■ **Dataset extract**
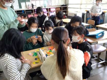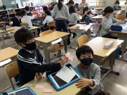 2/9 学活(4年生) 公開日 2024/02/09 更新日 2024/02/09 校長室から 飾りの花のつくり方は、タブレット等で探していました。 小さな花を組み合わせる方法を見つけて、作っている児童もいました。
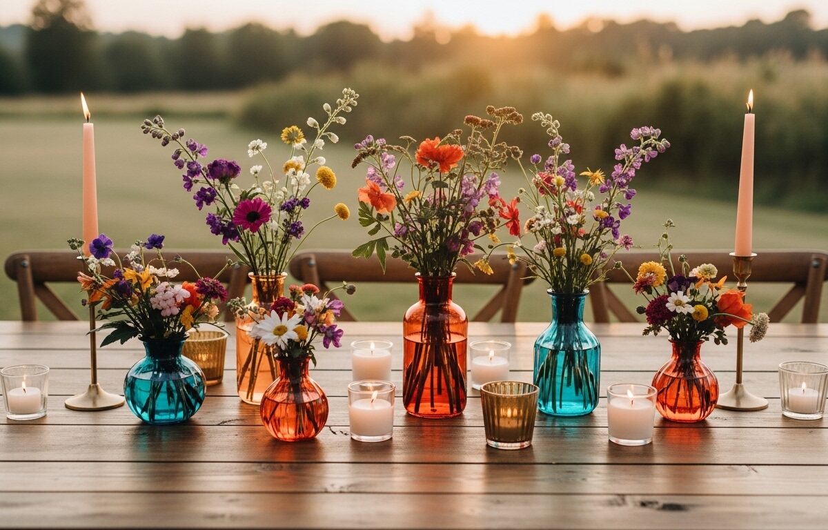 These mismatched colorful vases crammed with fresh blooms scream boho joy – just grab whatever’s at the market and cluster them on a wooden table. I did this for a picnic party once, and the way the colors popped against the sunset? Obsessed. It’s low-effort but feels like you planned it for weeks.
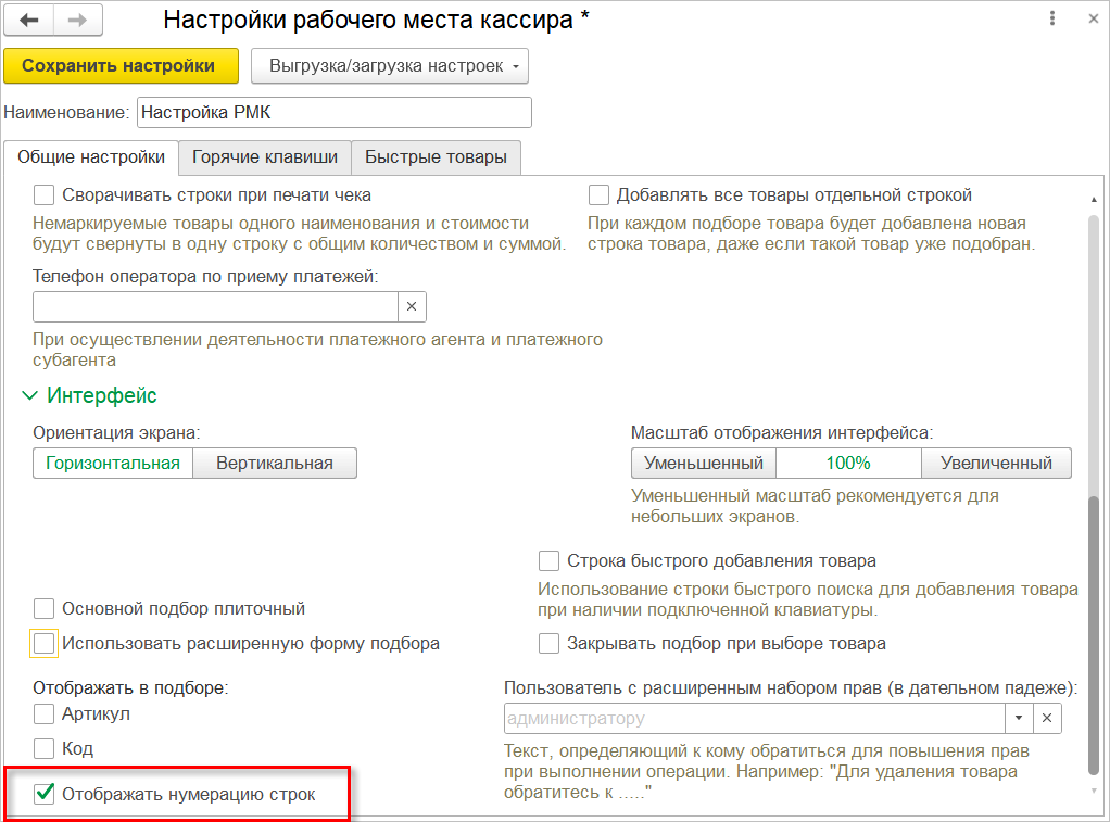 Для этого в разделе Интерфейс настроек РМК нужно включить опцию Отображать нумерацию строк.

■ **Problem**
Copy exactly the lines from the line holding "These mismatched colorful" to the final line of the listing, and leave the pictures out.

■ **Response**
 These mismatched colorful vases crammed with fresh blooms scream boho joy – just grab whatever’s at the market and cluster them on a wooden table. I did this for a picnic party once, and the way the colors popped against the sunset? Obsessed. It’s low-effort but feels like you planned it for weeks.
 Для этого в разделе Интерфейс настроек РМК нужно включить опцию Отображать нумерацию строк.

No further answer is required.